Wed, 25 Jul 2007 11:03
Case No. FS5879-06
Award Date: 17 January 2007
Commissioner: M van Aarde, Commissioner
Subject: Repeated Late-coming and Absenteeism
The applicant was dismissed after a period of absence. He claimed the dismissal was procedurally and substantively unfair. The issue related to when an employee can be dismissed for absenteeism.
Summary of Facts:
The respondent did not attend the arbitration.
The applicant was dismissed after he had been absent from work for about two weeks. The applicant, a diabetic, claimed that he had been hospitalised after suffering a serious illness. He also alleged that his wife had contacted his employer to inform them of his illness and upon returning to work he had handed a medical certificate to his supervisor.
The respondent had advised the applicant that he dismissed himself due to his absence.
Summary of Award:
The Commissioner made the following findings:
There is a clear a distinction between absenteeism, abscondment and desertion.
Absenteeism could be divided into (1) late coming, (2) absence from the workstation/post and (3) absence from the workplace itself for short periods.
The longer the period of absence, the more justified an employer will be to terminate the contract.
Brief absences from work rarely warrant dismissal at first instance.
Employers generally treat absenteeism on a progressive scale when imposing penalties.
Dismissal, as a final sanction, is normally justified only if the employee fails to heed the final warning however, in such cases, it is still incumbent on the employer to prove that the final absence did in fact amount to absenteeism.
The elements of absenteeism are (1) the employee must have been absent from work contra to his/her work schedules or roster; (2) the employee has no reasonable excuse for his or her absence; and (3) in terms of some codes/contracts of employment, the employee has failed to timeously inform the employer of the reason for his or her absence.
Some employers, like the respondent, make the common fault to argue that an employee can dismiss themselves; this approach is legally incorrect.
Mgobhozi v Naidoo  3 BLLR 242 (LAC) is authority for the proposition that a medical certificate is hearsay evidence in the absence of an additional statement by the medical practitioner and an employer is legally justified in scrutinizing the wide and vague symptoms/reasons contained in the medical certificate.

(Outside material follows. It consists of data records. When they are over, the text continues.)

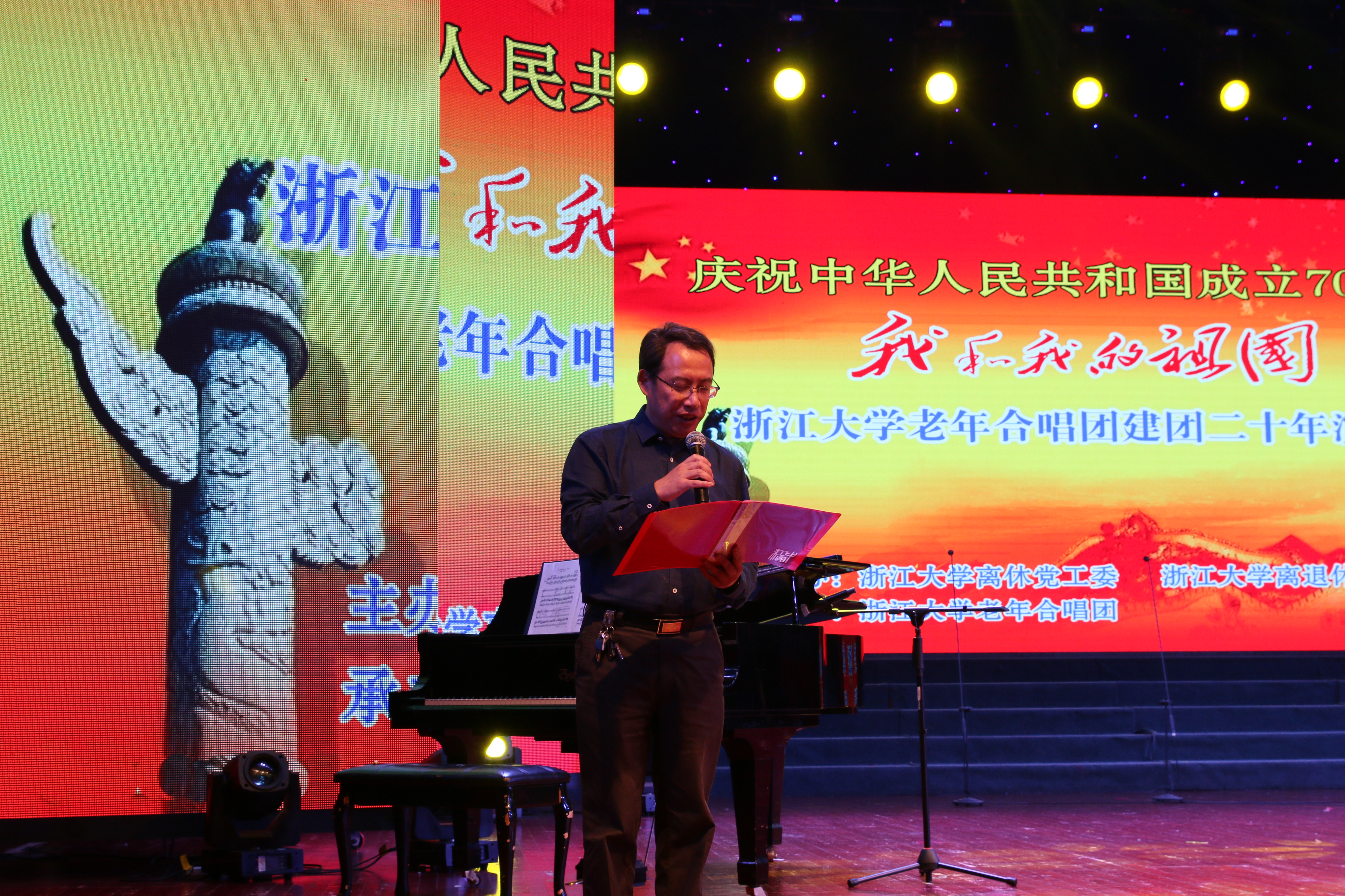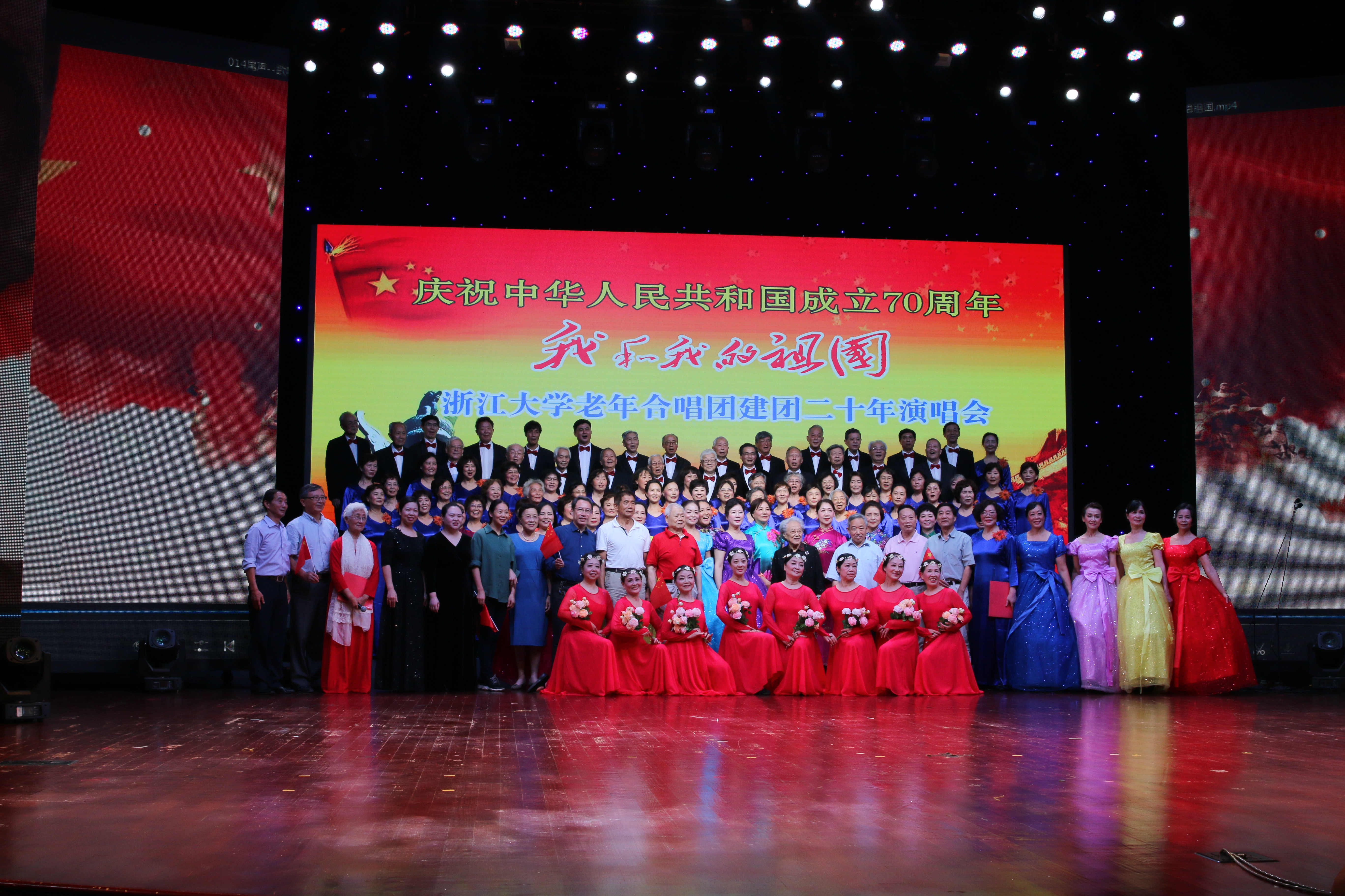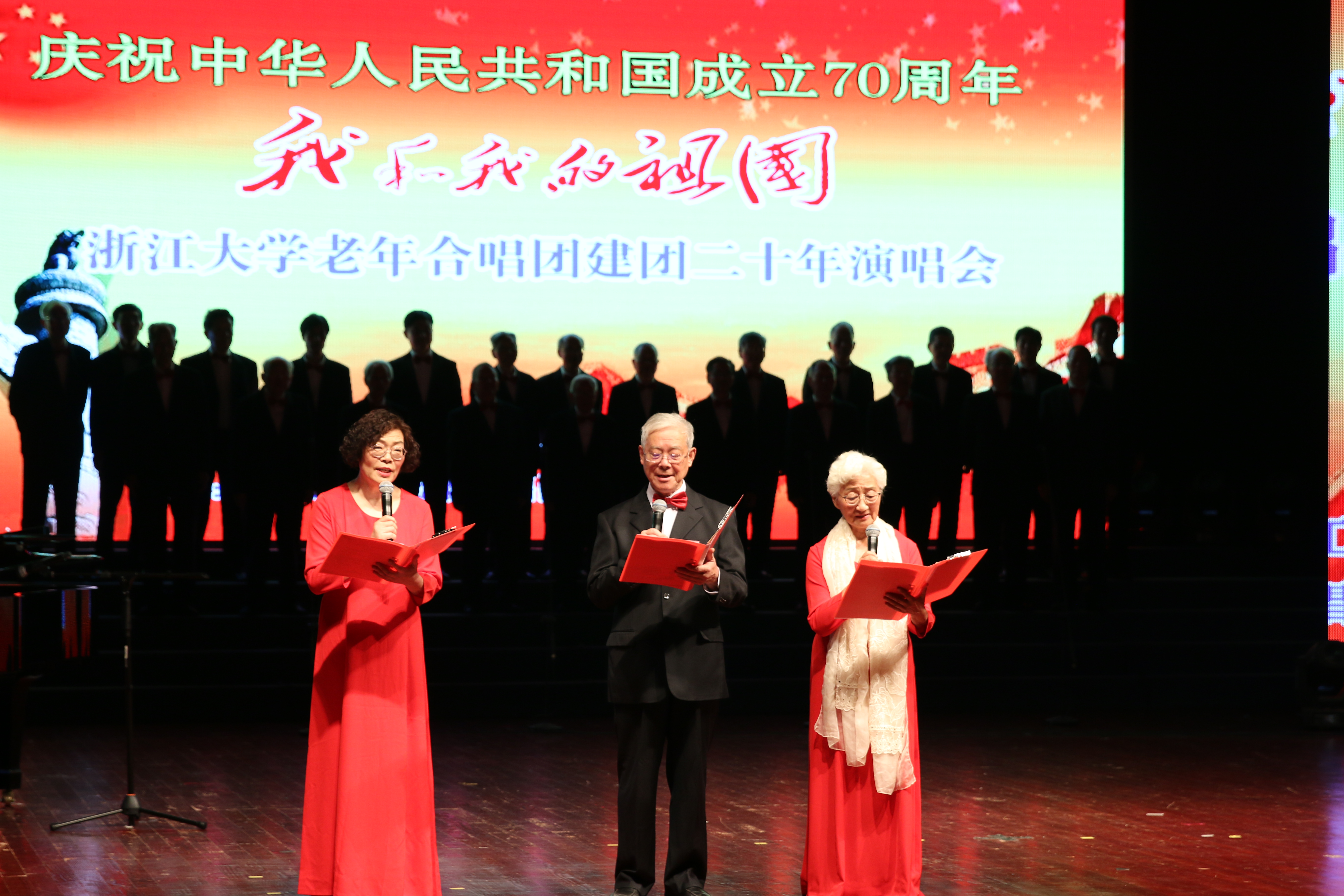 “五星红旗迎风飘扬,胜利歌声多么嘹亮,歌唱我们亲爱的祖国,从今走向繁荣富强……”,9月26日下午,“我和我的祖国” 浙江大学老年合唱团建团二十周年演唱会在浙江大学玉泉校区永谦剧场隆重举行。老领导、老同志,师生员工代表和校内外嘉宾,同台联袂,载歌载舞,欢庆新中国70华诞,祝贺校老年合唱团建团二十周年。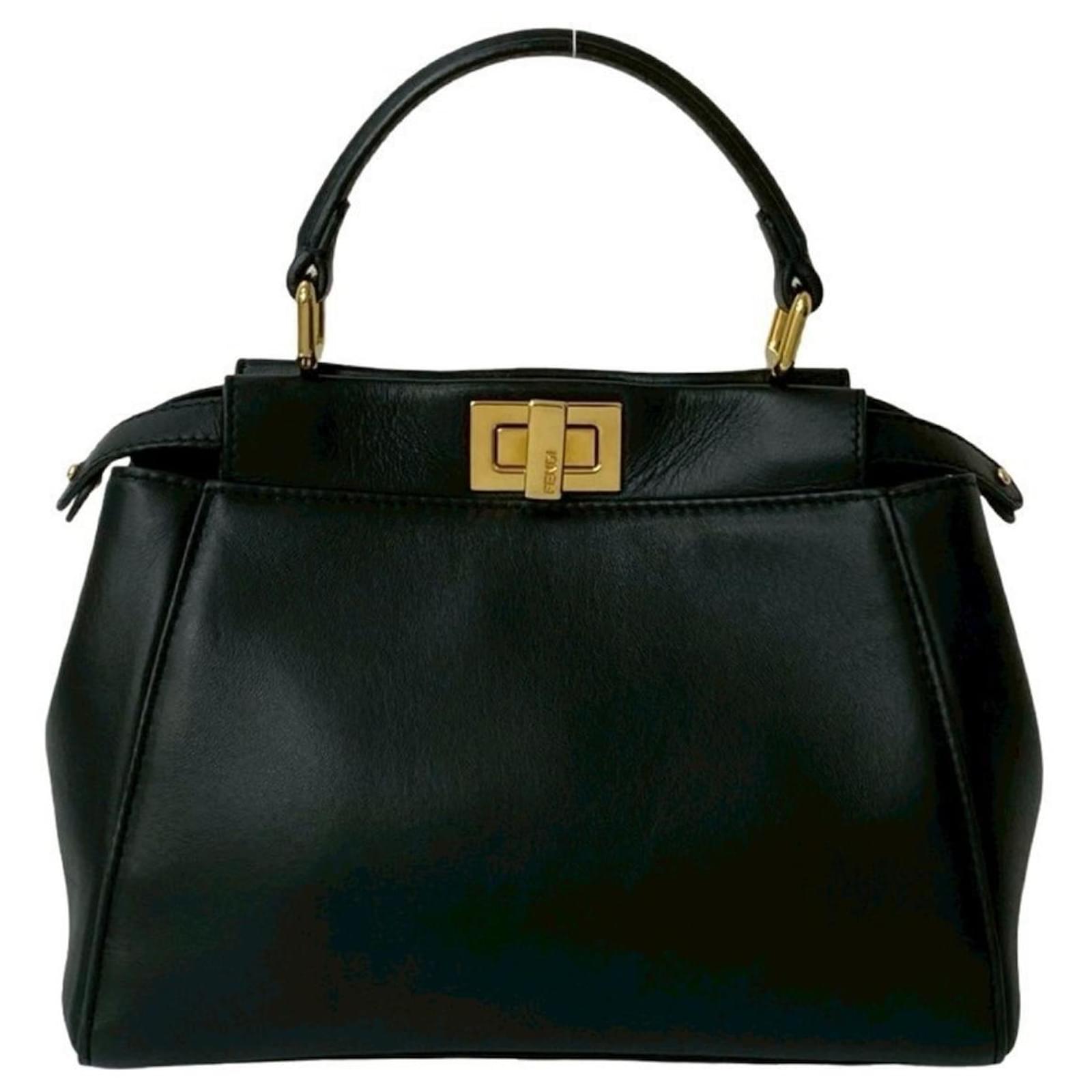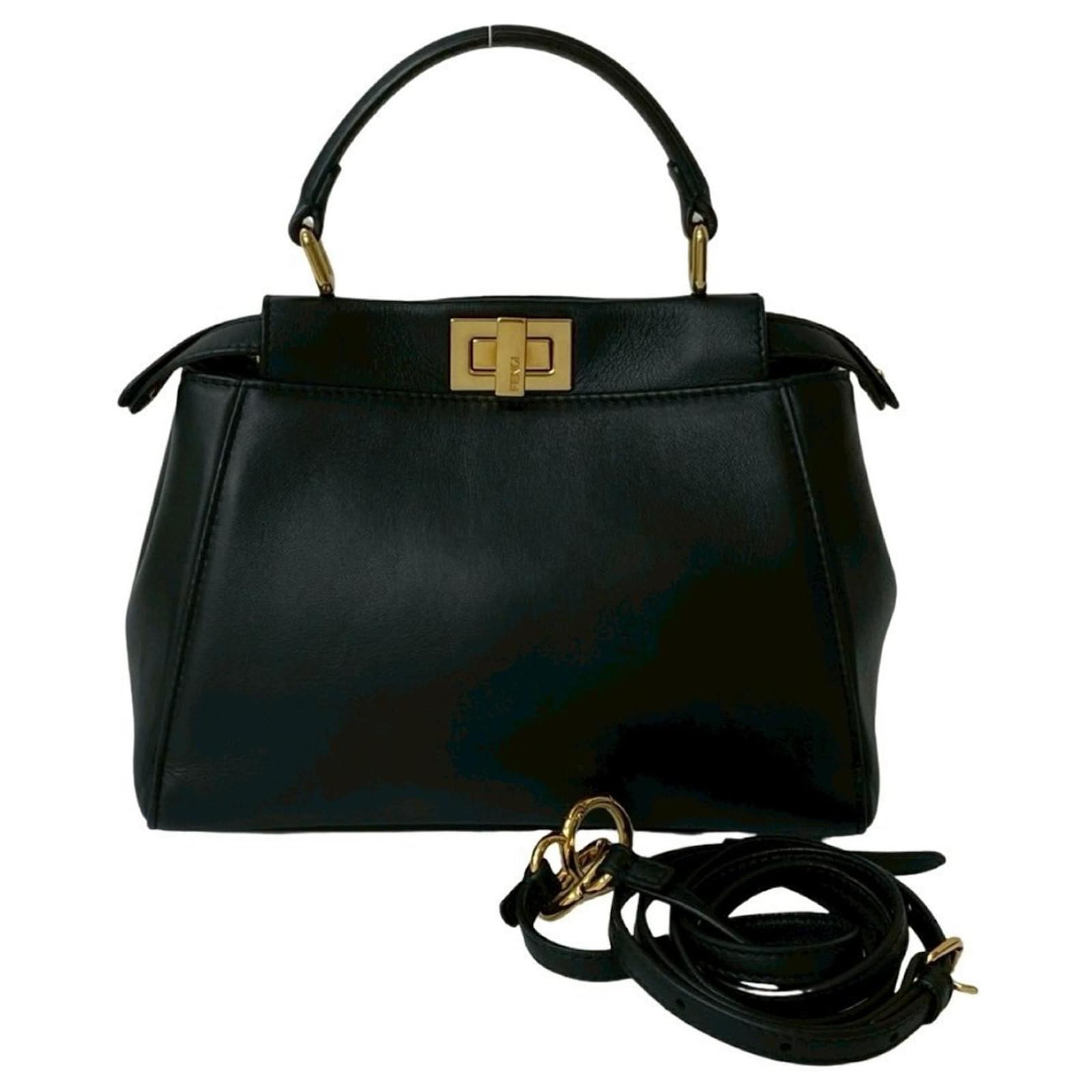 Fendi Peekaboo Leather 2-Way Handbag Black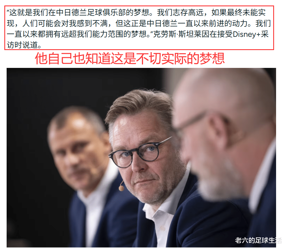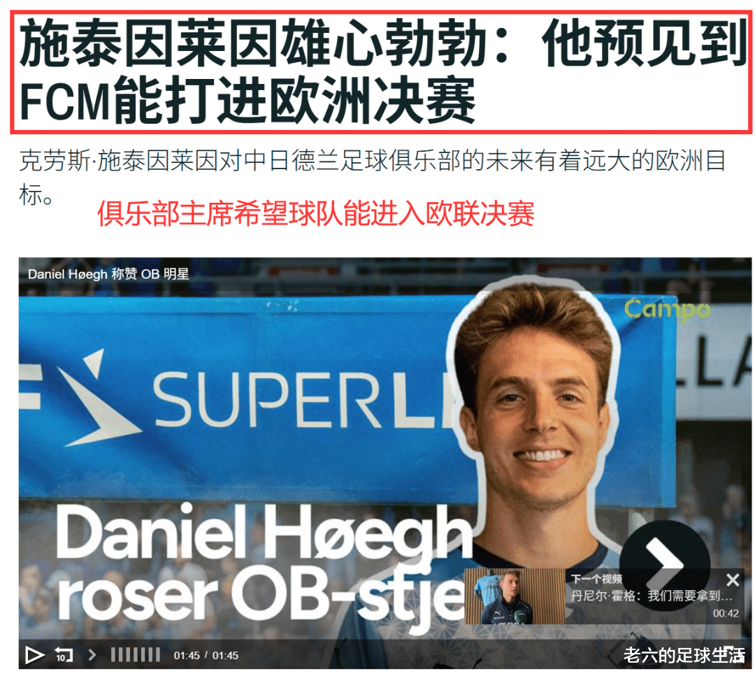 中日德兰这边俱乐部的主席克劳斯·施泰因莱因赛前可谓是雄心勃勃,他预想着球队能站在明年5月20日在伊斯坦布尔举行的欧联决赛舞台上。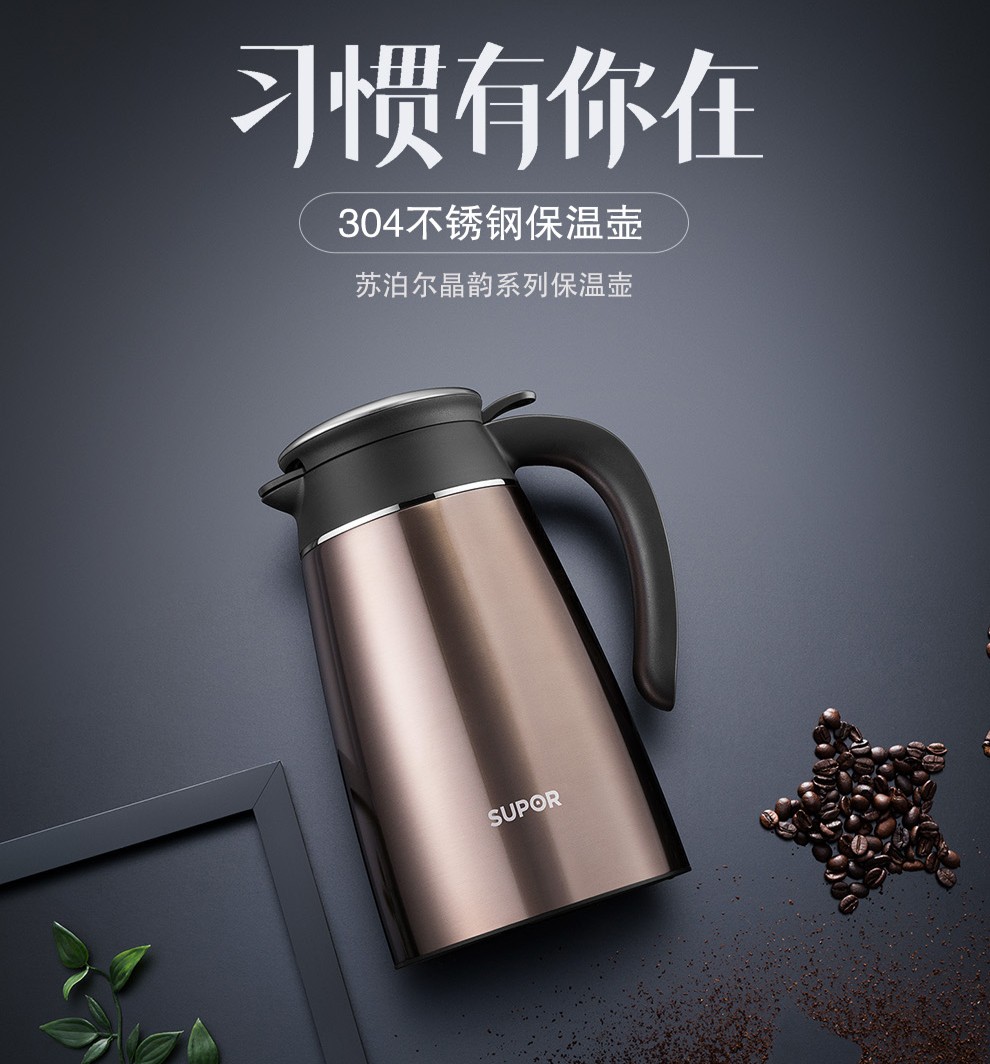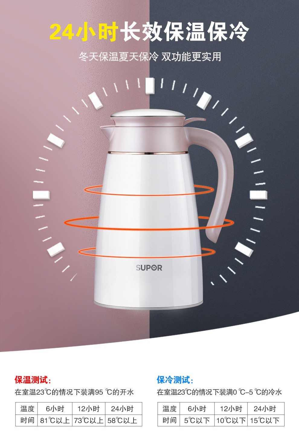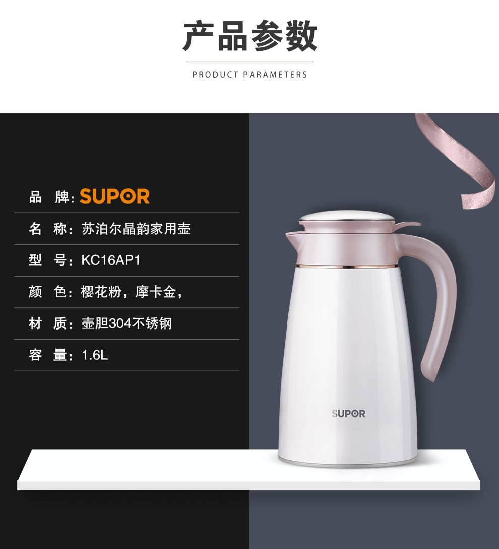 苏泊尔(SUPOR)304不锈钢高真空保温瓶KC16AP1樱花粉

The Commissioner found that the respondent had failed to observe the basic requirements set out in Schedule 8 of the LRA and noted than an employer cannot merely dismiss its employees at will/without observance of these procedural requirements and without sound reason. The Commissioner held that there was no evidence to suggest that the applicant abused his sick leave or otherwise had no intention not to return to work after his sick leave had expired. The dismissal was held to be procedurally and substantively unfair. The applicant was reinstated and an order made that he be compensated for all lost remuneration. There was no order as to costs.